* **TASK DIRECTIONS**
In the material below, begin at the line that has "El próximo sábado", stop after the line that has "Steps To Reproduce", and transcribe those lines exactly, without pictures.

* **EXTRACTED MATERIAL**
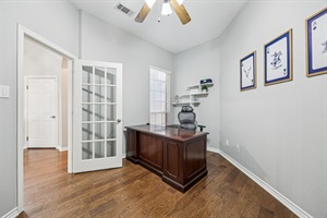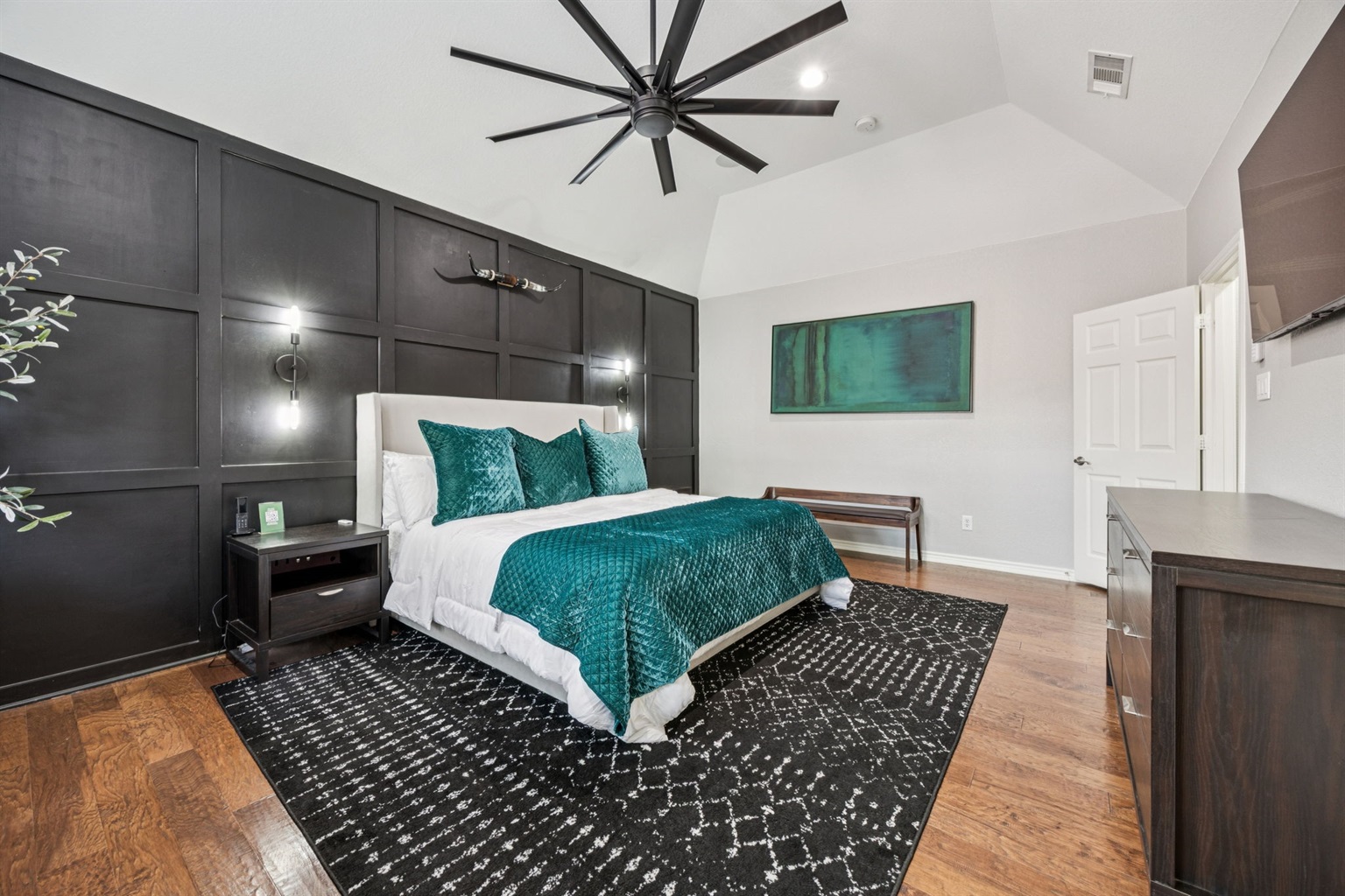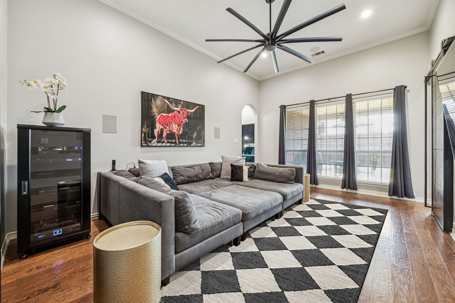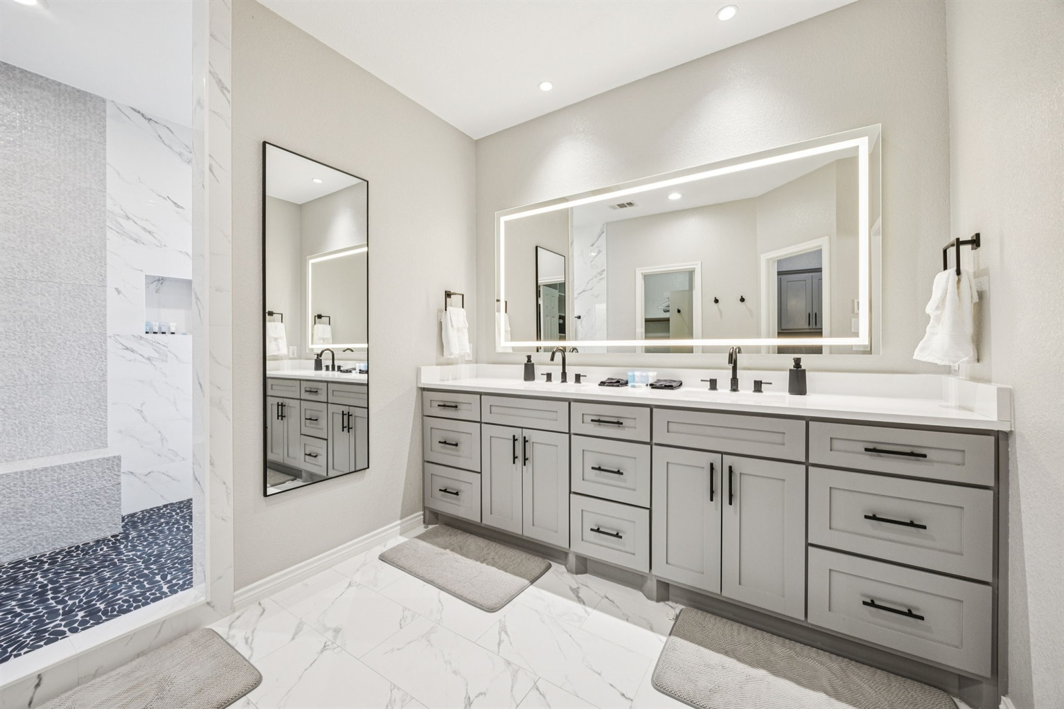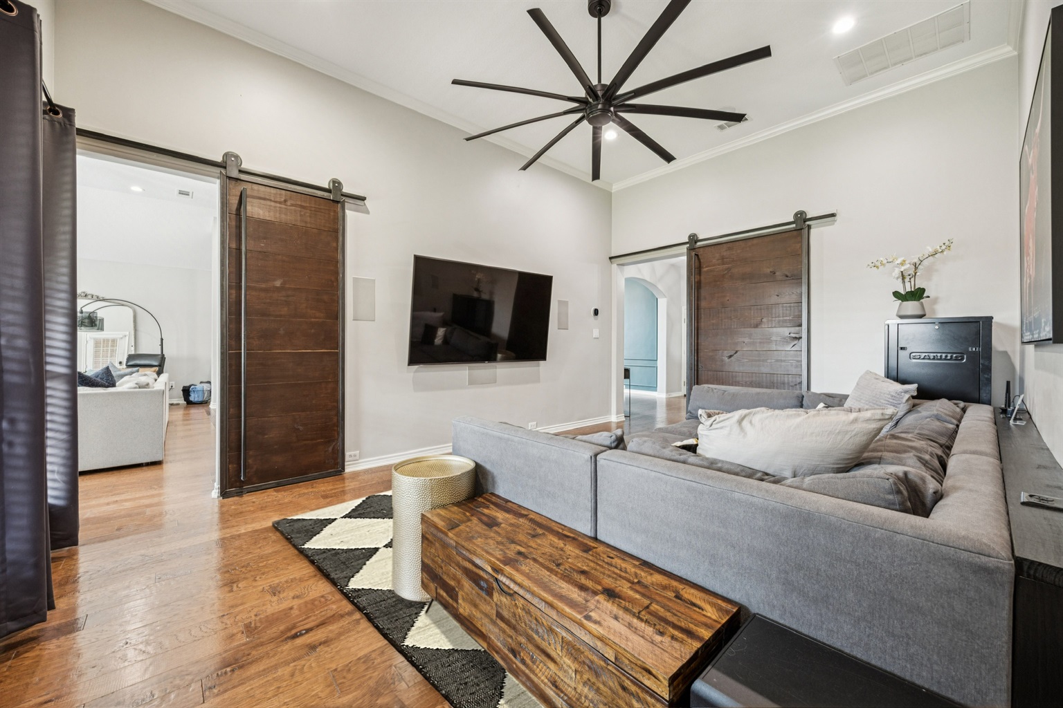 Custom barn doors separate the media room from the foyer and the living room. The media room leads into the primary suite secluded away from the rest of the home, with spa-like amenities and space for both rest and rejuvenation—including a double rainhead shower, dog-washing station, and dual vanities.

* * *

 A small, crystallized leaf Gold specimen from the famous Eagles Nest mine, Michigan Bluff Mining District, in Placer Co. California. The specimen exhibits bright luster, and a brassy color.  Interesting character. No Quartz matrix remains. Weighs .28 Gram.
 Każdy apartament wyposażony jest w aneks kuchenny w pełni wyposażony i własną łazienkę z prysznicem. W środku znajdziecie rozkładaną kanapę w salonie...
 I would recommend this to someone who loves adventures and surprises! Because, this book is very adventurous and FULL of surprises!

...

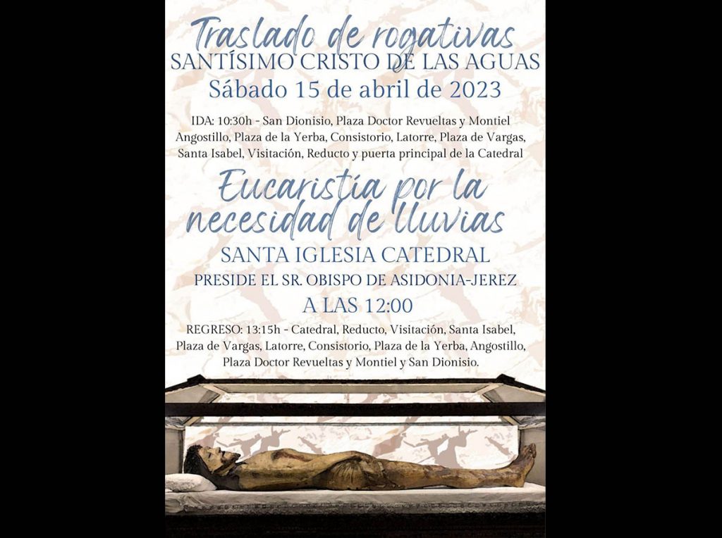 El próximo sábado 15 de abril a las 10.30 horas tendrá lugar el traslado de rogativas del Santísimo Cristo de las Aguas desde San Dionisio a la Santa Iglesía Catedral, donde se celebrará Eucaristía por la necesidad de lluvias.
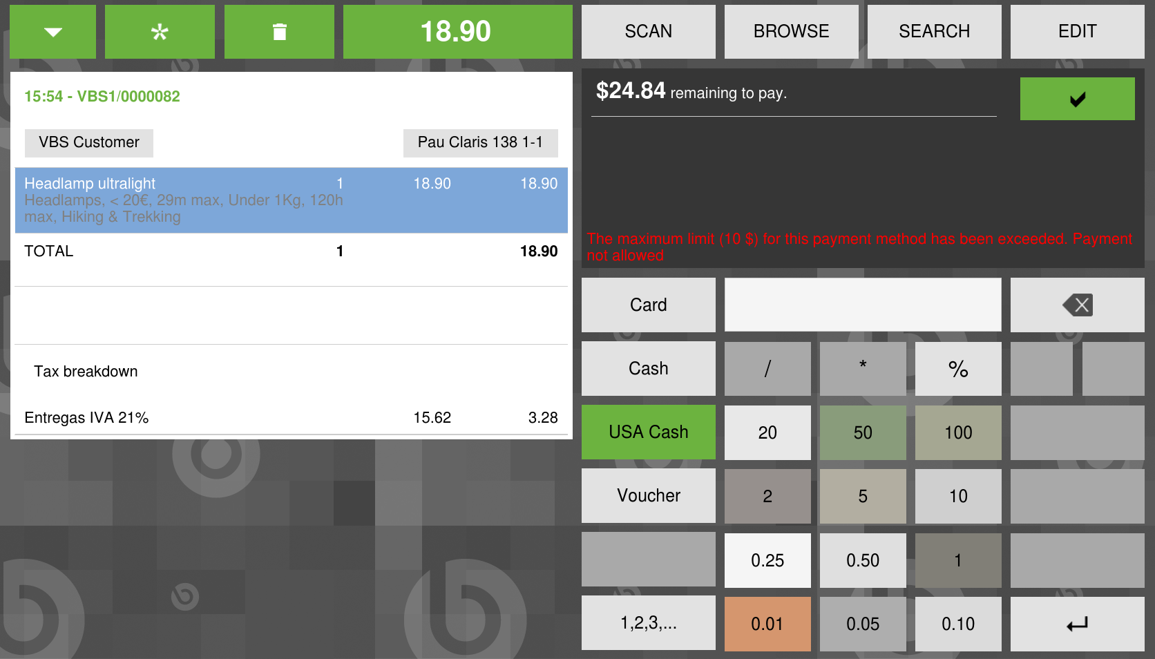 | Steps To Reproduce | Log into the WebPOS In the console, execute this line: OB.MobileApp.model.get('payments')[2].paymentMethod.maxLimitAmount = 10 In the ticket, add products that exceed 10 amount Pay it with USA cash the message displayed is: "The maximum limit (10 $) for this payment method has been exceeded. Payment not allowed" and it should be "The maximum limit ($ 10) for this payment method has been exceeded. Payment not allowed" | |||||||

* **REPLY**
 El próximo sábado 15 de abril a las 10.30 horas tendrá lugar el traslado de rogativas del Santísimo Cristo de las Aguas desde San Dionisio a la Santa Iglesía Catedral, donde se celebrará Eucaristía por la necesidad de lluvias.
 | Steps To Reproduce | Log into the WebPOS In the console, execute this line: OB.MobileApp.model.get('payments')[2].paymentMethod.maxLimitAmount = 10 In the ticket, add products that exceed 10 amount Pay it with USA cash the message displayed is: "The maximum limit (10 $) for this payment method has been exceeded. Payment not allowed" and it should be "The maximum limit ($ 10) for this payment method has been exceeded. Payment not allowed" | |||||||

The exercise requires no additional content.